In 1841, Branwell Brontë, then 14 but 9 at the time of the event, also recalled what happened, but his recollection had a slightly different slant:

“When I first saw them [the 12 wooden soldiers] in the morning after they were bought, I carried them to Emily, Charlotte and Anne. They each took up a soldier, gave them names, which I consented to, and I gave Charlotte Twemy (i.e. Wellington), to Emily Pare (Parry), to Anne Trott (Ross) to take care of them, though they were to be mine and I to have the disposal of them as I would. Shortly after this I gave them to them as their own.”

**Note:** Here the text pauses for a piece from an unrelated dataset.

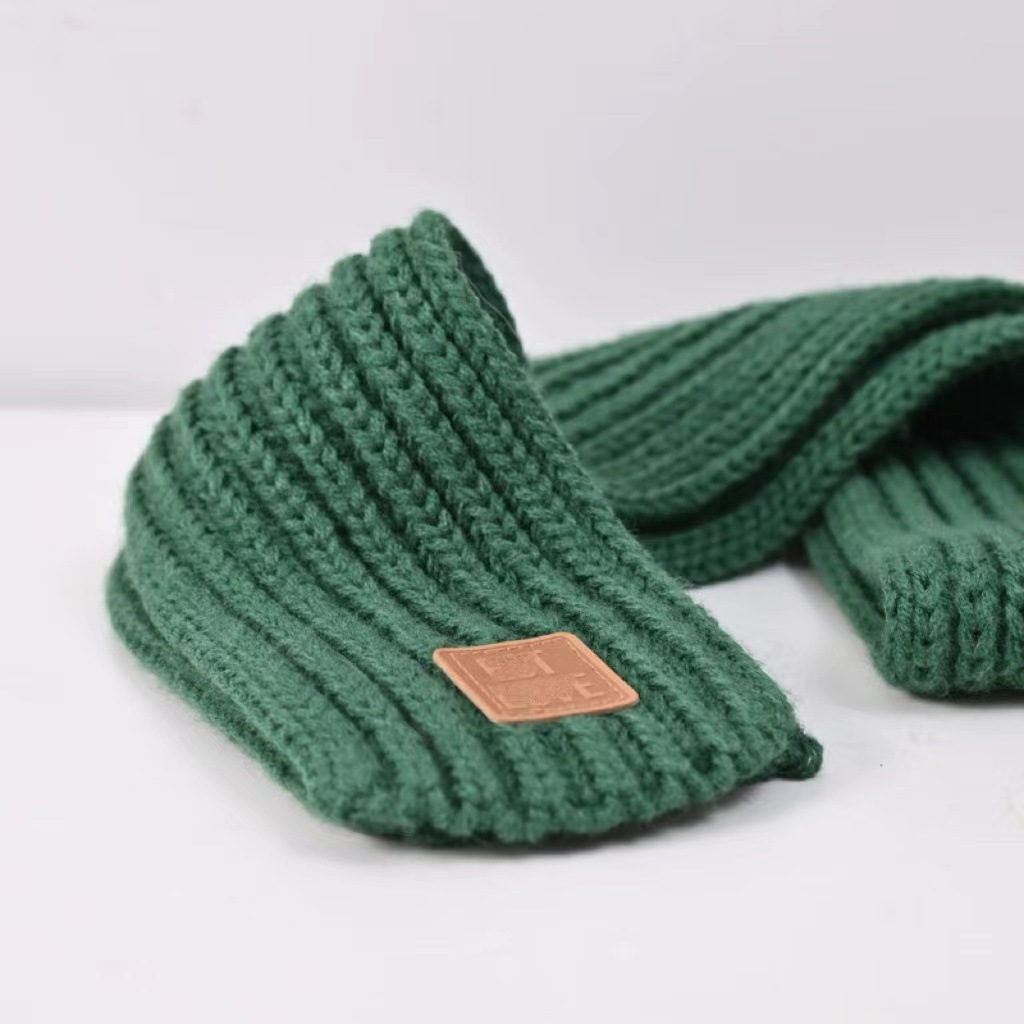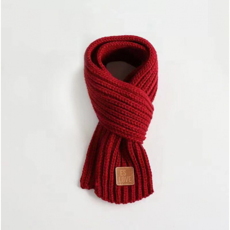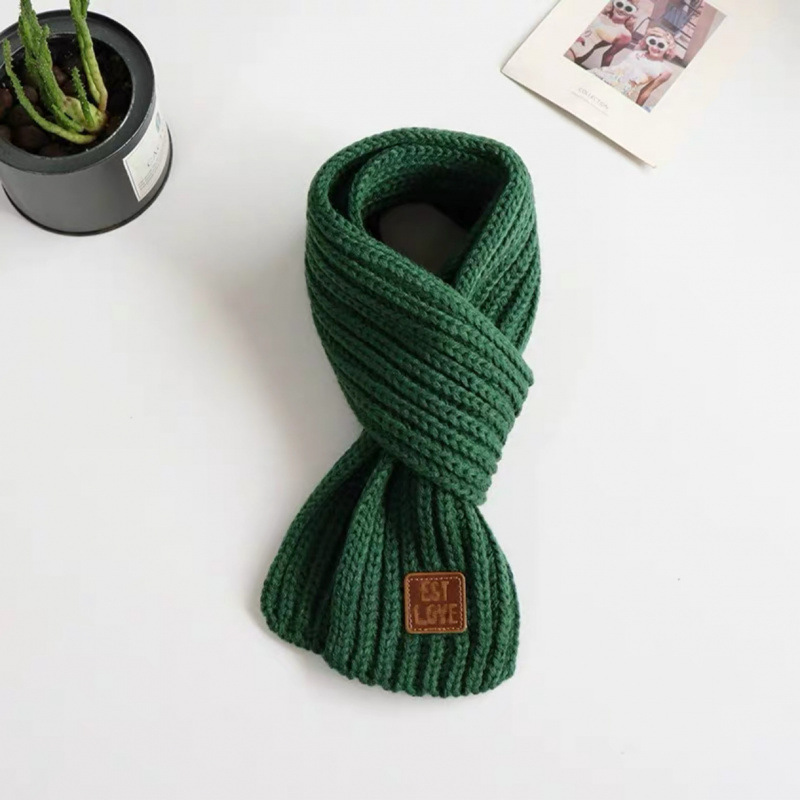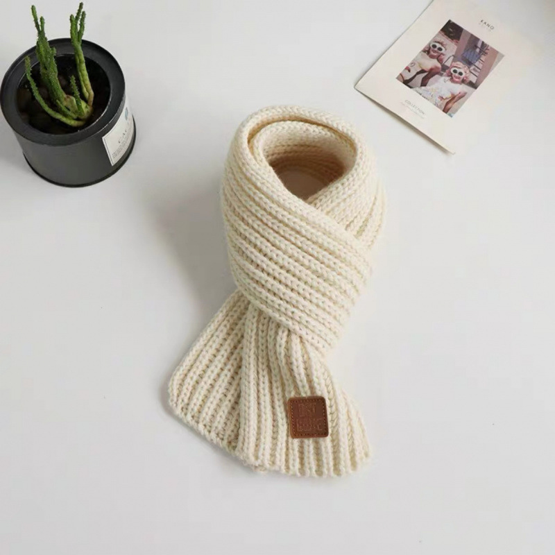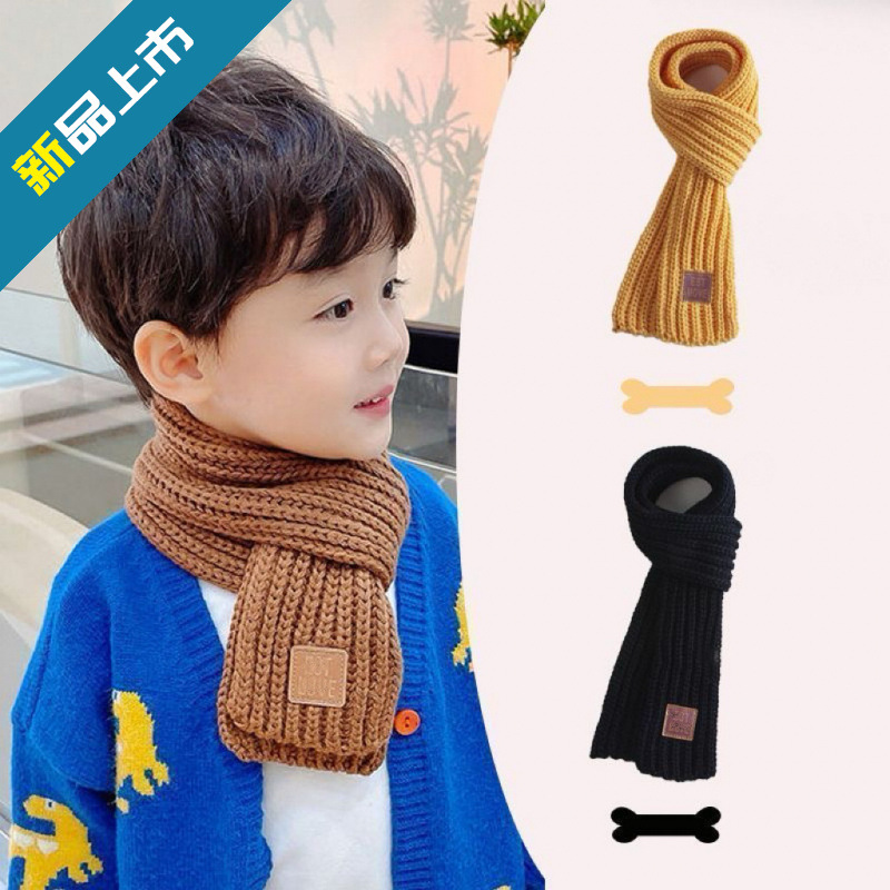 2025 новый зимний теплый и утолщенный корейский вязаный шарф для мальчиков и девочек, защита шеи детей, ветрозащитная кожаная этикетка чистого цвета
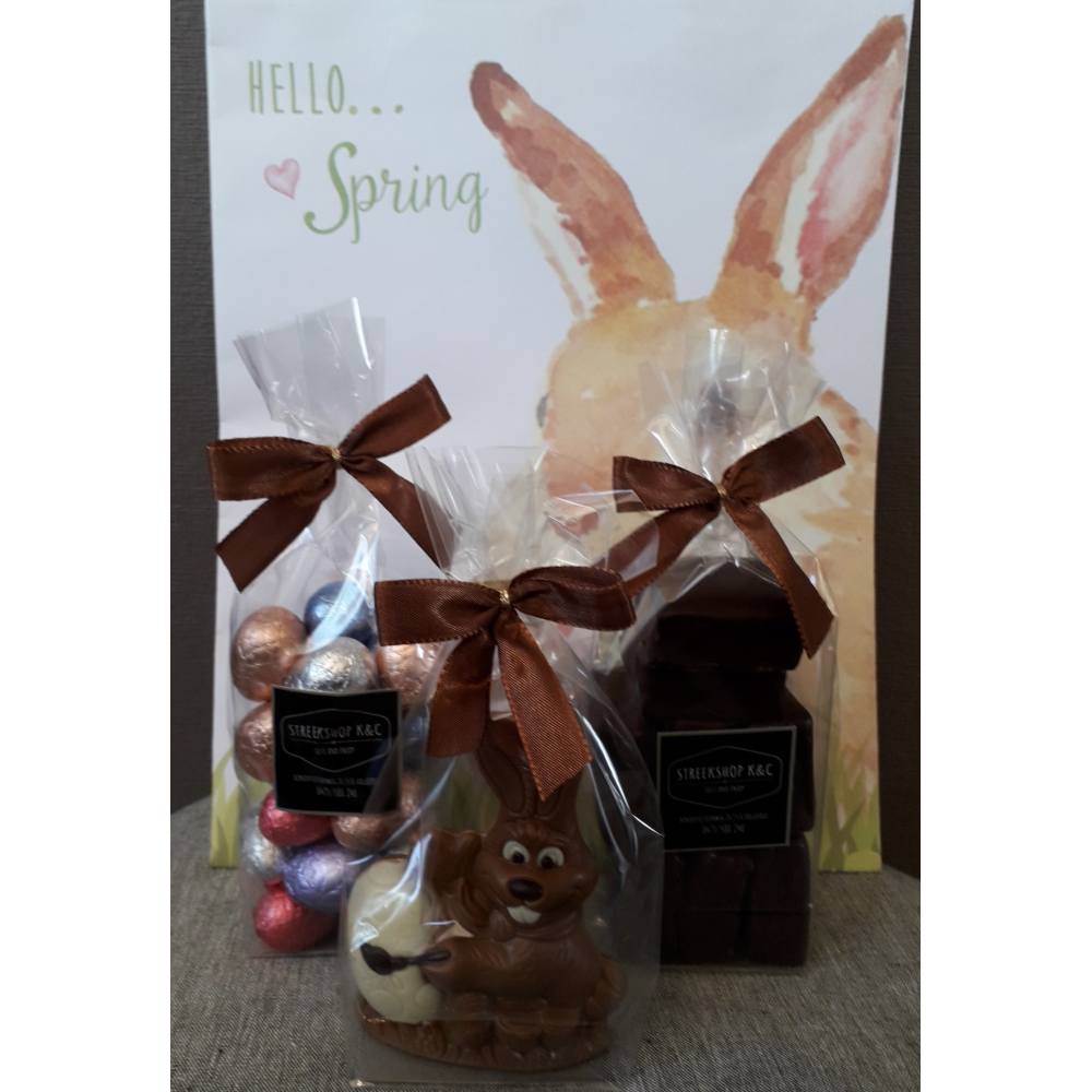 Mooie paaszak gevuld met 200g paaseitjes, 1 zak chocoladespekken, 1 paasfiguur, 3 paaseieren, 1 zakje paasguimauve

We see, then, two acts of thoughtfulness. Patrick Brontë, returning from a trip to Leeds, decided to bring his son a gift of a set of soldiers. Branwell decided to share them with his sisters. Almost immediately the four Brontë siblings began to compose stories, ‘plays’ as they called them, around the 12 soldiers. The tap to their immense imaginations and creativity had been turned, and it would not be shut off again except by that final curtain which waits for us all.

It was a gift to Branwell Bronte that proved the creative spark

It is worth noting as well that this gift came a year after the deaths of the oldest Brontë sisters, Maria and Elizabeth. The four remaining Brontë siblings became an incredibly close knit unit, but they still loved to play. We have an account of one occasion when the young Brontës played a trick on their old housekeeper Tabby Ackroyd. Left in the care of Tabby, the children began acting out one of their plays. They were so immersed in their characters, and carried their acting so far, that Tabby had to run screaming from the house to fetch help from her nephew William, saying:

 “William! William! Yah mun goa up to Mr Brontë’s for aw’m sure yon chiller’s all gooin mad, and I dar’nt stop ith house ony longer wi’em; and aw’ll stay here woll yah come back!”

Seeing how frightened his Aunt Tabitha was, William marched off to the Parsonage, only to be greeted by a ‘great cackling of laughter’ when he came in sight of the children. They were delighted at how effective their playing and acting had been.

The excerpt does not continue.